The River Tees carves an incised course in the centre of a broad vale. The northern flanks of the vale are occupied by the shallow valleys of the Langley and Sudburn becks that run parallel with the Tees. To the south the upland plateaux of the Stainmore Gap falls gradually to the River, incised by the steep sided valleys and denes of its southern tributaries.
The Carboniferous millstone grits and limestones that make up the vale are largely masked by thick layers of glacial and alluvial drift and outcrop only occasionally on steeper valley sides. Soils are a mixture of heavy gleys derived from glacial boulder clays and more fertile brown earths on sands and gravels on the vale floor.
The landscape is transitional in character lying between the pastoral landscapes of the dales and the arable lowlands to the east. On higher less fertile ground land use is largely pastoral. Regular patterns of hedges and stone walls date from parliamentary enclosures of upland wastes in the 18th and 19th centuries and are crossed by straight roads connecting scattered farms. Lower lying land has a long history of mixed farming and has a nucleated settlement pattern of small villages of medieval origins connected by narrow winding lanes. Sub-regular patterns of walls and hedges, often rich in hedgerow oak and ash, date from the enclosure of the open fields of these villages in the 17th century.
Buildings are typically built of local stone with roofs of stone flag or welsh slate. North of the Tees the farms and buildings of the Raby estate are painted white. The historic market town of Barnard Castle lies beside the Tees in the centre of the vale. There are numerous parklands, many of which are medieval in origin, surrounding country houses and castles, the most notable of which is Raby Castle on the northern flanks of the vale.

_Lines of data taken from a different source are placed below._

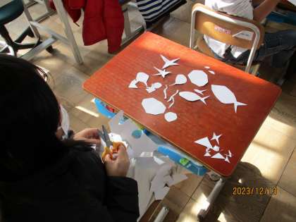 宇宙の世界や海の世界、動物の世界など、いろいろな世界の想像をふくらませて、型紙を一生懸命つくっていました。細かい形にも挑戦していました。
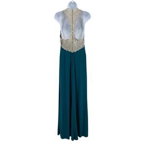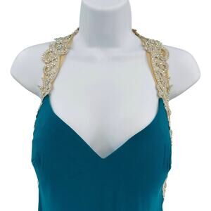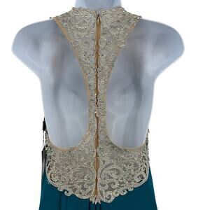 La Femme Prom Dress SZ 6 Teal Sleeveless Formal Embellished Lace Strap Racerback
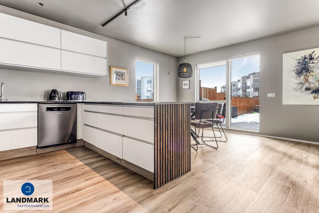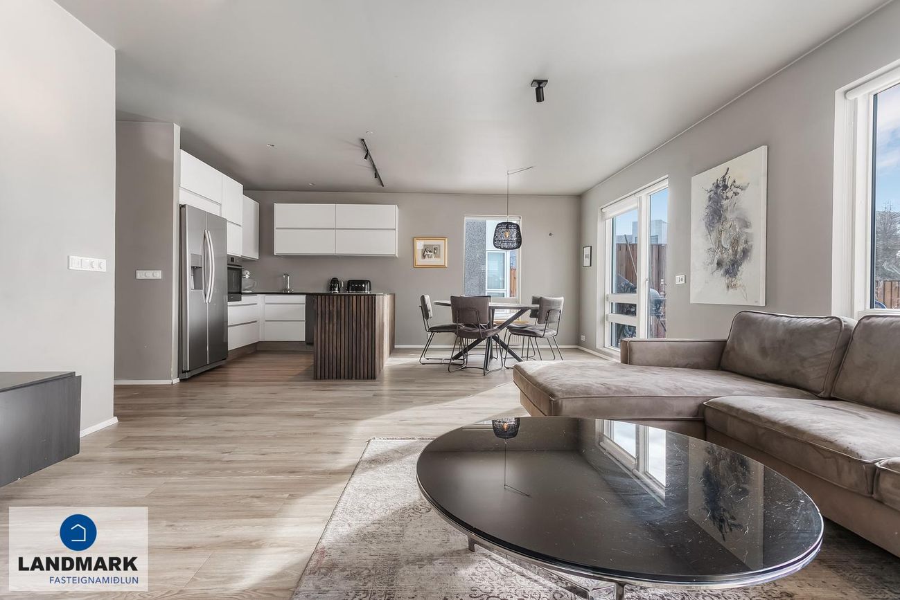 Virkilega falleg eign á mjög vinsælum stað þar sem stutt er í alla helstu þjónustu, göngufæri frá skóla og leikskóla.
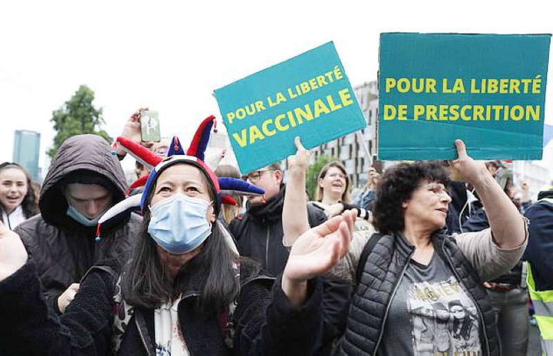 أرشيفية للتظاهرات الفرنسية المناوئة لشهادة التحصين عند فرضها في أغسطس الماضي. (وكالات)
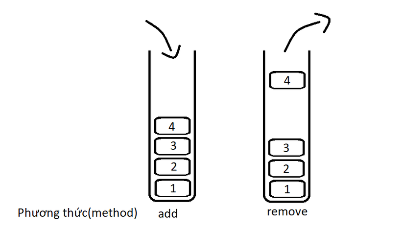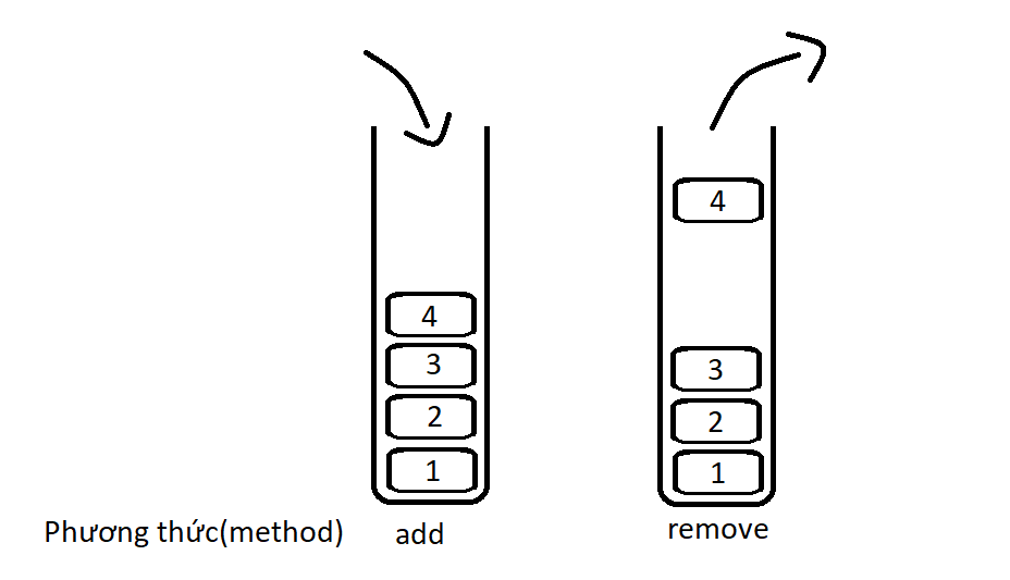 Trong cấu trúc này các phân tử sẽ được lữu trữ và tuân theo nguyên tắc LIFO - Last In First Out, tức là vào trước ra sau, vào sau ra trước. Trông nó giống như cái ống đựng cầu lông vậy:
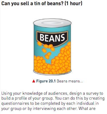 - the creation of a brand image for your BEANS, designs, comparisons with what is on market, logo, fonts, colour scheme, tin size, slogan etc
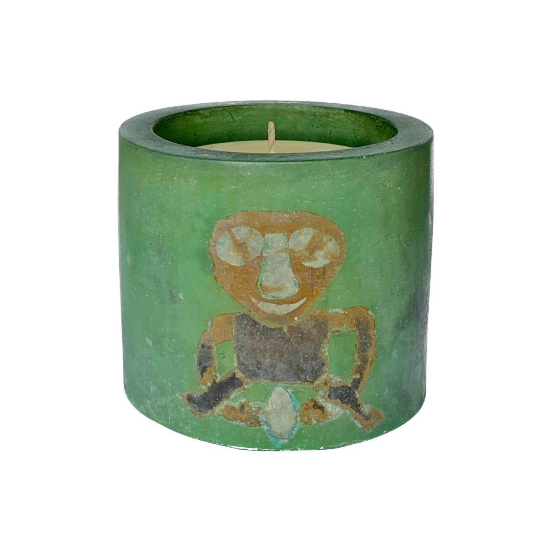 Stained with iron and copper, this candle captures the timeless, enigmatic form of the mythical Irish Sheela na Gig.
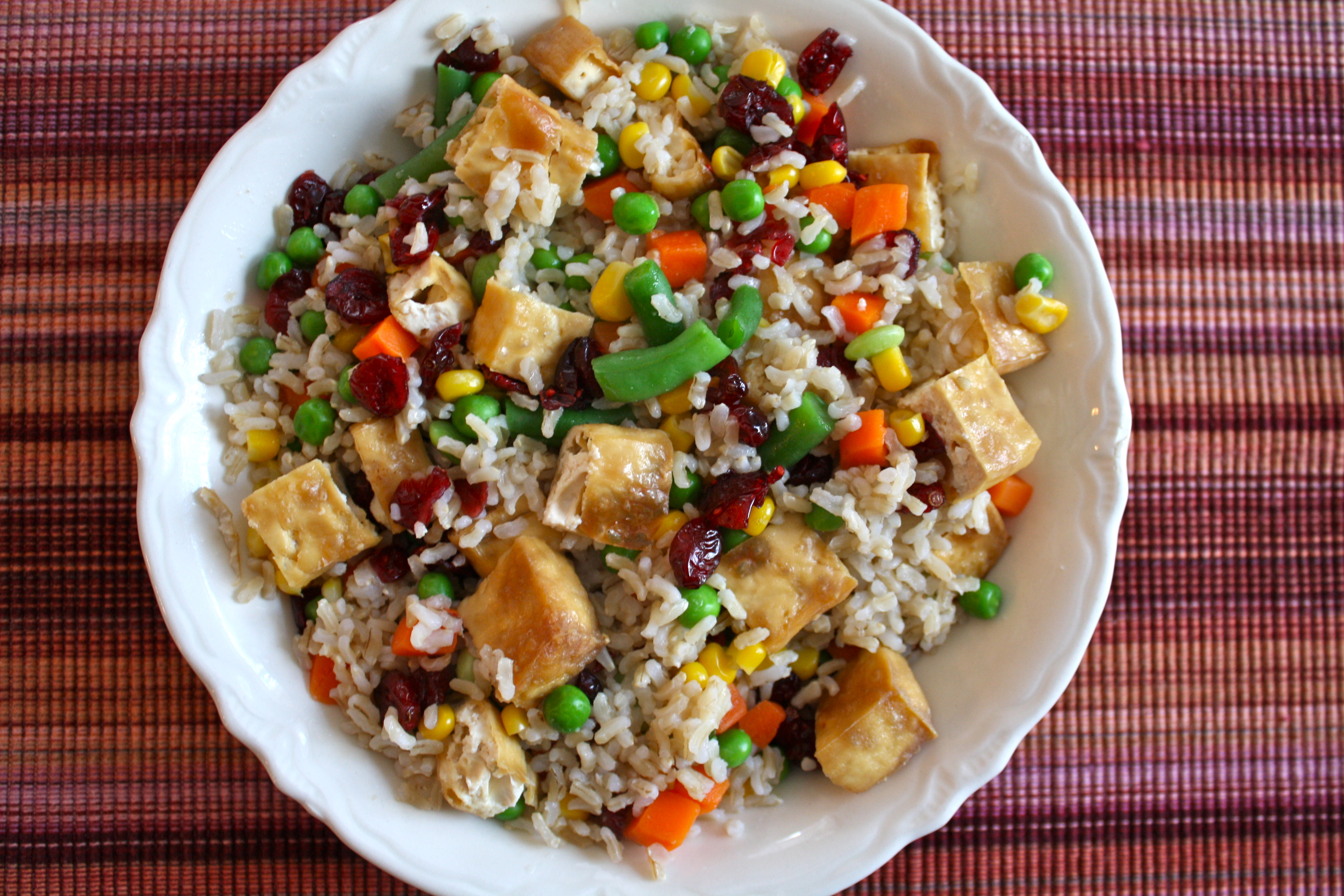 Brown rice, mixed veggies, Craisins, and baked tofu. Ohmygosh it was so good.

Ancient semi-natural woods of ash and oak are found on steeply sloping sites along the Tees and its tributaries, in ravines and gorges, steep riverside bluffs and narrow linear denes. Scattered conifer plantations are characteristic of the upland fringes.
The vale floor and the Stainmore Gap to the west are long established communications corridors. The A66 follows the trans-pennine course of a Roman military road. There are many abandoned railway lines, some now in use as cycleways. There are occasional small sandstone quarries producing building stone and larger road stone quarries working the Great Limestone close to the A66.
The landscape is generally broad in scale with panoramic views across the vale and west into Teesdale. The high ridges of the Pennine Uplands form the enclosing view line to the south and the high ground of the Tees/Wear watershed to the north. Locally the landscape is more intimate in scale and particularly in the more wooded or tree rich landscapes of the lower vale.
The landscape is essentially rural in character with little urban or industrial development.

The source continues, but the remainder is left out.